Any thoughts on such an RFC ?
- Tolga
Marc Branchaud <marcnarc(_at_)xcert(_dot_)com> 8/16/99 16:25:38 >>>
There seems to be some strong opinions that an ASN.1-Internet
reconciliation is a pointless and futile task. I can live with that,
but I'd like to try to explain my objective one more time before it gets
thrown out with the bath water. (On top of that, this topic is a bit
off for S/MIME -- but things are slow these days anyway.)
My basic premises are these:
1. There are a bunch of people who use ASN.1.

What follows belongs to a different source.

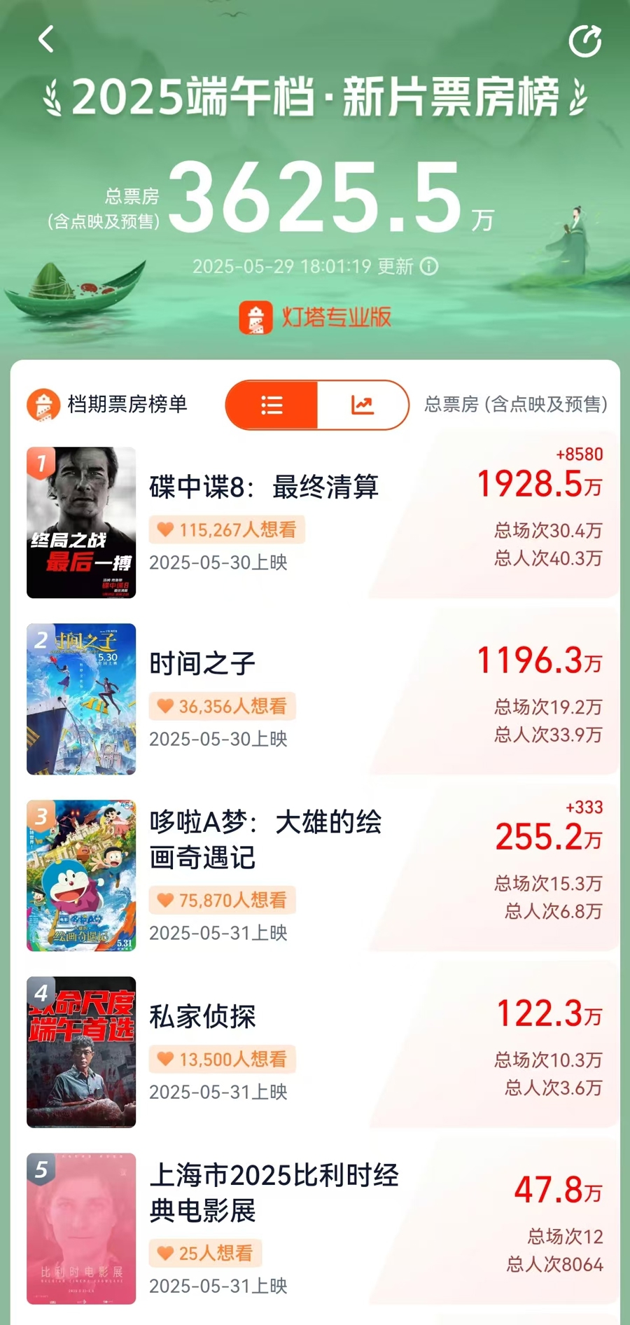 据灯塔专科版,本年端午档(5月30日至6月2日)有十余部影片上映,罢休5月29日18时,端午档总票房(含点映及预售)3625.5万元,预售排行前三的电影分别是《碟中谍8:最终计帐》《时间之子》《哆啦A梦:大雄的绘制奇遇记》。

2. There are a bunch of other people who don't like ASN.1 because it is
very difficult to look at some ASN.1 code and figure out what the bits
on the wire will look like. (There may be many more people who don't
like ASN.1 for other reasons, but I'm not trying to deal with them
here.)
3. The people using ASN.1 would like to see their ASN.1-based protocols
widely adopted.
Given these premises (which weren't founded on any facts and may or may
not reflect any reality anywhere), it seems to me that if there were a
version of ASN.1 that was easier to interpret then the people in my
second premise would be happier and the goal in the third premise might
be more achievable.
It also seems to me that such an ASN.1 "lite" could be defined that
would still be standard ASN.1, especially if the PER rules were used.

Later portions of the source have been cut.